5. TERMINATION PRIOR TO A CHANGE IN CONTROL.
(a) TERMINATION. This Agreement and the
Executive's employment hereunder may be terminated by the Board or the Executive
Committee of the Board (the "Executive Committee") at any time prior to a Change
in Control of the Company, for any reason that the Board may determine in its
sole discretion, which reasons may include, without limitation, Cause or any
reasons other than Cause.
(b) DEATH OR DISABILITY. This Agreement shall
terminate automatically upon the Executive's death and may be terminated by the
Company upon the Executive's Disability.
(c) COMPENSATION. If the Executive's employment
is terminated for any reason prior to a Change in Control, this Agreement shall
terminate without further obligations to the Executive or his legal
representatives, other than those obligations accrued or earned and vested (if
applicable) by the Executive as of the Date of Termination in accordance with
the plans, programs, policies and practices of the Company under which such
obligations accrued or were earned and vested (if applicable). Such obligations
shall be paid in accordance with the terms and provisions of the plans,
programs, policies and practices of the Company under which they accrued or were
earned and vested (if applicable). Notwithstanding the foregoing, severance or
other compensation or benefits payable upon termination, other than those
expressly required by law, shall be determined and paid only in the sole
discretion of the Board or the Executive Committee.
6. TERMINATION AFTER A CHANGE IN CONTROL. If a Change in Control
occurs and this Agreement and the Executive's employment hereunder have not been
previously terminated, then the Executive shall be entitled to receive certain
payments and benefits as provided in this Section 6 if the Executive's
employment is terminated after the Change in Control.
5
<PAGE>
(a) TERMINATION FOR DEATH OR DISABILITY. This
Agreement shall terminate automatically upon the Executive's death and may be
terminated by the Company upon the Executive's Disability.

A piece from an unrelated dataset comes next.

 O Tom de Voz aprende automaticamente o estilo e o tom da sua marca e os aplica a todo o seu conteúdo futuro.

Upon a termination by
reason of the Executive's death or Disability, the Company shall, within 30 days
after the Date of Termination, pay to the Executive or his estate or
beneficiaries, as the case may be, (i) any compensation or other obligations
accrued for periods prior to the Date of Termination, (ii) the Termination
Payment, and (iii) the Executive's Vested Benefits as of the Date of
Termination.
(b) TERMINATION BY THE COMPANY.
(i) CAUSE. This Agreement and the
Executive's employment hereunder may be terminated by the Company for Cause.

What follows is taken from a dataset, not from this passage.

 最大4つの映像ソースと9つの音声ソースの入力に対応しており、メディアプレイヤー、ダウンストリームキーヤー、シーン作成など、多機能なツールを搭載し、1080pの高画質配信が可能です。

Upon a termination for Cause, this Agreement shall terminate without further
obligations to the Executive, other than those obligations accrued or earned and
vested (if applicable) by the Executive through the Date of Termination in
accordance with the plans, programs, policies and practices of the Company under
which such obligations accrued or were earned and vested (if applicable). Such
obligations shall be paid to the Executive in accordance with the terms and
provisions of the plans, programs, policies and practices of the Company under
which they accrued or were earned and vested (if applicable).
(ii) OTHER THAN FOR CAUSE. If this
Agreement and the Executive's employment hereunder is terminated by the Company
Other than for Cause, the Company shall, within 30 days after the Date of
Termination, pay to the Executive (A) any compensation or other obligations
accrued for periods prior to the Date of Termination, (B) the Termination
Payment, and (C) the Executive's Vested Benefits as of the Date of Termination.

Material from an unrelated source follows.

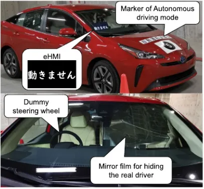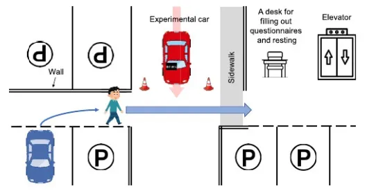 实验通过在左侧车窗贴反光膜完美隐藏真实驾驶员,并在右侧安装假方向盘和假人,成功营造了无人驾驶的视觉效果;eHMI安装在右前挡风玻璃,显示“動きません”(我不动的意思),如图2所示。实验场景模拟停车场行人过街,如图3所示,车辆以约4km/h行驶。

(c) TERMINATION BY THE EXECUTIVE.
(i) GOOD REASON.
(A) The Executive may terminate this
Agreement and his employment hereunder for a Good Reason; provided, however,
that no such termination for Good Reason may occur during the six-month period
immediately following the Date of the Change in Control; and, provided further,
if any termination is initiated by the Executive during the 30-day period
immediately following the end of six months from the Date of the Change in
Control, then such termination shall be deemed conclusively to be a termination
for Good Reason for all purposes of this Agreement and shall not be challenged
for any reason by the Company or by any person acting or purporting to act for
or on behalf of the Company.
(B) Upon a termination for Good Reason
as provided in subsection (c)(i)(A) of Section 6, the Company shall, within 30
days after the Date of Termination, pay to the Executive (1) any compensation or
other obligations accrued for periods prior to the Date of Termination, (2) the
Resignation Payment, and (3) the Executive's Vested Benefits as of the Date of
Termination.
(C) The failure by the Executive to
set forth in the Notice of Termination any fact or circumstance that contributes
to a showing of Good Reason shall not waive
6
<PAGE>
any right of the Executive hereunder or preclude the Executive from asserting
such fact or circumstance in enforcing his rights hereunder.
(ii) OTHER THAN FOR GOOD REASON. If this
Agreement and the Executive's employment hereunder is terminated by the
Executive Other than for Good Reason, this Agreement shall terminate without
further obligations to the Executive, other than those obligations accrued or
earned and vested (if applicable) by the Executive through the Date of
Termination in accordance with the plans, programs, policies and practices of
the Company under which such obligations accrued or were earned and vested (if
applicable). Such obligations shall be paid to the Executive in accordance with
the terms and provisions of the plans, programs, policies and practices of the
Company under which they accrued or were earned and vested (if applicable). If
the Executive terminates his employment Other than for Good Reason, he shall not
be entitled to receive the Resignation Payment or the Termination Payment.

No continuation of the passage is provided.